Goal of the exercise: Set down the whole listing below exactly, without pictures.

(Material provided Opens)

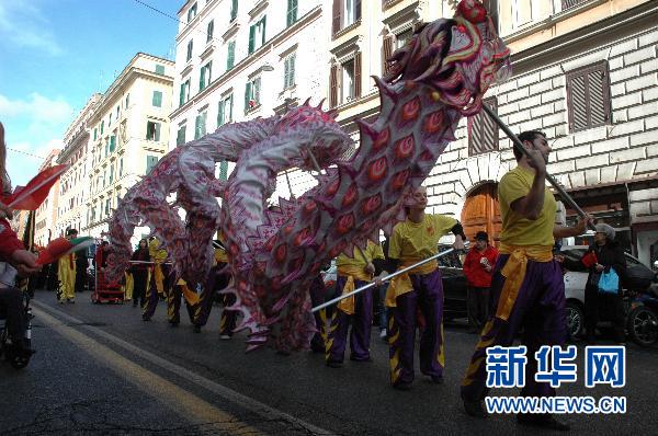 一支由意大利人组成的舞龙舞狮队17日沿着罗马华人聚集的维多里奥区各条街道进行巡回表演,与旅意华侨华人共庆元宵佳节。精彩的演出吸引了众多路人围观。新华社发(谢培康摄)
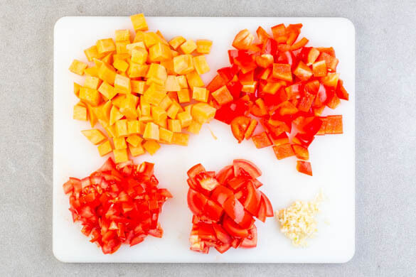 Die Süßkartoffel ggf. schälen und in ca. 1cm große Würfel schneiden. Die Paprika vierteln, entkernen und in ca. 1cm große Stücke schneiden. 1 Tomate grob würfeln, 1 Tomate fein würfeln. Den Knoblauch schälen und fein würfeln.
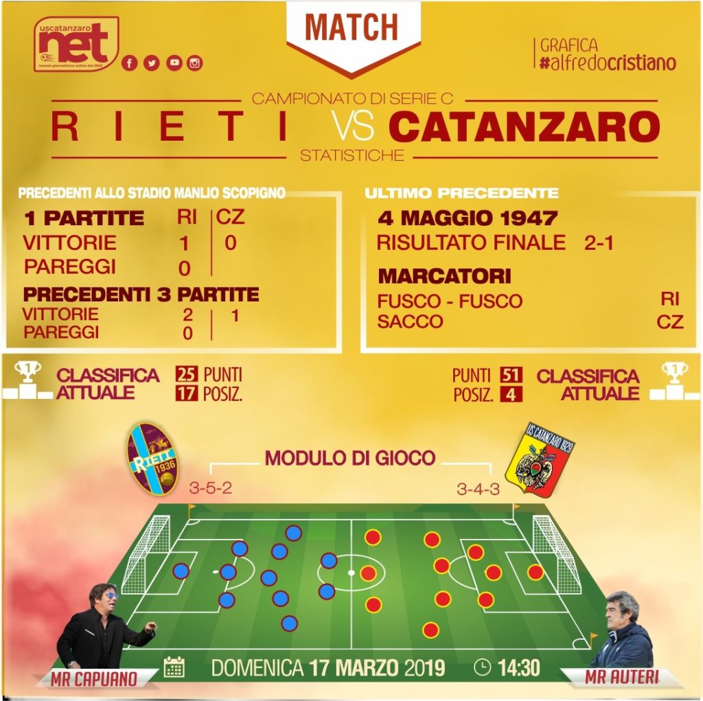 Il Catanzaro deve riprendere il suo cammino. La trasferta di Rieti va presa con le molle ed affrontata nel migliore dei modi per tornare al successo.

(Material provided Closes)

Exercise solution:
 一支由意大利人组成的舞龙舞狮队17日沿着罗马华人聚集的维多里奥区各条街道进行巡回表演,与旅意华侨华人共庆元宵佳节。精彩的演出吸引了众多路人围观。新华社发(谢培康摄)
 Die Süßkartoffel ggf. schälen und in ca. 1cm große Würfel schneiden. Die Paprika vierteln, entkernen und in ca. 1cm große Stücke schneiden. 1 Tomate grob würfeln, 1 Tomate fein würfeln. Den Knoblauch schälen und fein würfeln.
 Il Catanzaro deve riprendere il suo cammino. La trasferta di Rieti va presa con le molle ed affrontata nel migliore dei modi per tornare al successo.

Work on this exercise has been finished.